Start of Block

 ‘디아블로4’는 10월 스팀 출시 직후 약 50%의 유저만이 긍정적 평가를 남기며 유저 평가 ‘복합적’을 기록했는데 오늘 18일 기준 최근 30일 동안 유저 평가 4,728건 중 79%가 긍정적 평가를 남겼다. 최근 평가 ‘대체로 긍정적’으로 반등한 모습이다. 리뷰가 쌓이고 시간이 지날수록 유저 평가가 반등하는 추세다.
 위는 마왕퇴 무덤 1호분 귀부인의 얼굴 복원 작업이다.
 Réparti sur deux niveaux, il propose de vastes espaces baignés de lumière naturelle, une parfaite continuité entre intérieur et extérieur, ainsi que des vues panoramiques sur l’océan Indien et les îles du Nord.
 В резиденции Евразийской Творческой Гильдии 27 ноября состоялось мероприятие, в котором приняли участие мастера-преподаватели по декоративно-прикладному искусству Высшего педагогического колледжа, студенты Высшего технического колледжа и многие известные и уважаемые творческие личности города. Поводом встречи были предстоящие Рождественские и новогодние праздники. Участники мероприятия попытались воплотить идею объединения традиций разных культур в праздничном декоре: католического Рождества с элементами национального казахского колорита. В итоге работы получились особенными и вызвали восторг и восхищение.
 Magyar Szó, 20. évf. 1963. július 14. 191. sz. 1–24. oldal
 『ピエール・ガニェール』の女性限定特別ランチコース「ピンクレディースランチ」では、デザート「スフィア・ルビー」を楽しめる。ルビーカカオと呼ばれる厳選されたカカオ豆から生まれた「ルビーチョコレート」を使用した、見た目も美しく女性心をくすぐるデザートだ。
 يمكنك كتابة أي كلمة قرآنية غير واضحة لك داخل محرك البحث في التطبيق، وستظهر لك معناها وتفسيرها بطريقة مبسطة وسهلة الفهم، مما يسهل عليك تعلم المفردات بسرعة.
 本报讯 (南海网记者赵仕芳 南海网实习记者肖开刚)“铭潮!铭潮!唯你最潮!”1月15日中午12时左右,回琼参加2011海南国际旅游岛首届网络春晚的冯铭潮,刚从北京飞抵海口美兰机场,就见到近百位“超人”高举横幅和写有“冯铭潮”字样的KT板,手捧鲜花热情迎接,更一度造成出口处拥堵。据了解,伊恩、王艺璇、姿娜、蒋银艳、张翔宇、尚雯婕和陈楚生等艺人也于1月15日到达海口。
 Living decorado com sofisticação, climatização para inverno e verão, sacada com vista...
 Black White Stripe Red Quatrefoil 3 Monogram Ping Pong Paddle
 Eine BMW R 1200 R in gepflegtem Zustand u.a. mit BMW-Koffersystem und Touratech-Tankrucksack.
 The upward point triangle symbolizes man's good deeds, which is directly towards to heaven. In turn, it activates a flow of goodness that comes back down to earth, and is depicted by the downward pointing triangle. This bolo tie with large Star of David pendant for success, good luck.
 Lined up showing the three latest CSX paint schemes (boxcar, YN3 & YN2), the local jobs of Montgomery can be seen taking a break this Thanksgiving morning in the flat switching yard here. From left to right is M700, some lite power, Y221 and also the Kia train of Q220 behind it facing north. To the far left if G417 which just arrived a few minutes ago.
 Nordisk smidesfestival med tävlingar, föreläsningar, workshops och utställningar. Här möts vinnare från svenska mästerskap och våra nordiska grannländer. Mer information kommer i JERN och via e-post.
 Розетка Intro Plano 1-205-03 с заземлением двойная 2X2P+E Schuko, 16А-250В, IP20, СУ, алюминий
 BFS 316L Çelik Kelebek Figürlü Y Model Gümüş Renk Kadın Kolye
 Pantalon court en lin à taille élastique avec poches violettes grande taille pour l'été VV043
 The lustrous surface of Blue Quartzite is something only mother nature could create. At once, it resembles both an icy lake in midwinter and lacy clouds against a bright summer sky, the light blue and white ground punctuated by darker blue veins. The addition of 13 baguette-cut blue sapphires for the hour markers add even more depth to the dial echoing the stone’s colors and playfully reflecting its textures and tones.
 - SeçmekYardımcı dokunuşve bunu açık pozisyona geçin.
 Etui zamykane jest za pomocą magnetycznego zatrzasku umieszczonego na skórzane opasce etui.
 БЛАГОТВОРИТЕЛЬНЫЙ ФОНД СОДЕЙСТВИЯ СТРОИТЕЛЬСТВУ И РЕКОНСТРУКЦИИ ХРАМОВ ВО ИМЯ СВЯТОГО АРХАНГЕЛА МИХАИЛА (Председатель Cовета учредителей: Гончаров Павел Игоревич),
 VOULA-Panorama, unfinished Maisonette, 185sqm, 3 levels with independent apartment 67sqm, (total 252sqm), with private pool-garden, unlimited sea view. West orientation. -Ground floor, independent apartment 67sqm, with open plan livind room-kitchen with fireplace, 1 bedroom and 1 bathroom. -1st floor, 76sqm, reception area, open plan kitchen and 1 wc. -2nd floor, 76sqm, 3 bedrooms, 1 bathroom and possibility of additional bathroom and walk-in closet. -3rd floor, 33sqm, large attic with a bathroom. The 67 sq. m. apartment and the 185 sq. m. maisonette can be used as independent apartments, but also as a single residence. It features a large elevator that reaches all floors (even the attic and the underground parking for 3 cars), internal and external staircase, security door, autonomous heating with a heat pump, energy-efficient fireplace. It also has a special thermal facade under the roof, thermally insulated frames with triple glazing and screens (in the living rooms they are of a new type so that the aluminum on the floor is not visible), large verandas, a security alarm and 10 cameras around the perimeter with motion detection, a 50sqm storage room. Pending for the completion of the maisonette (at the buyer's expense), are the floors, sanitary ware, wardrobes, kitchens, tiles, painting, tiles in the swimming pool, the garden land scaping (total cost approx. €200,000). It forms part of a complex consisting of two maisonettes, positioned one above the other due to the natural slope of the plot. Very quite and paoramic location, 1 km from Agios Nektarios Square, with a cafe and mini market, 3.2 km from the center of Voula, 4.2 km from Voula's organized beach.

End of Block

**TASK INSTRUCTIONS:**
Look above for the line holding "Nordisk smidesfestival med" and the line holding "БЛАГОТВОРИТЕЛЬНЫЙ ФОНД СОДЕЙСТВИЯ". Retype both, and every line between them, word for word and nothing else.

**TASK SOLUTION:**
 Nordisk smidesfestival med tävlingar, föreläsningar, workshops och utställningar. Här möts vinnare från svenska mästerskap och våra nordiska grannländer. Mer information kommer i JERN och via e-post.
 Розетка Intro Plano 1-205-03 с заземлением двойная 2X2P+E Schuko, 16А-250В, IP20, СУ, алюминий
 BFS 316L Çelik Kelebek Figürlü Y Model Gümüş Renk Kadın Kolye
 Pantalon court en lin à taille élastique avec poches violettes grande taille pour l'été VV043
 The lustrous surface of Blue Quartzite is something only mother nature could create. At once, it resembles both an icy lake in midwinter and lacy clouds against a bright summer sky, the light blue and white ground punctuated by darker blue veins. The addition of 13 baguette-cut blue sapphires for the hour markers add even more depth to the dial echoing the stone’s colors and playfully reflecting its textures and tones.
 - SeçmekYardımcı dokunuşve bunu açık pozisyona geçin.
 Etui zamykane jest za pomocą magnetycznego zatrzasku umieszczonego na skórzane opasce etui.
 БЛАГОТВОРИТЕЛЬНЫЙ ФОНД СОДЕЙСТВИЯ СТРОИТЕЛЬСТВУ И РЕКОНСТРУКЦИИ ХРАМОВ ВО ИМЯ СВЯТОГО АРХАНГЕЛА МИХАИЛА (Председатель Cовета учредителей: Гончаров Павел Игоревич),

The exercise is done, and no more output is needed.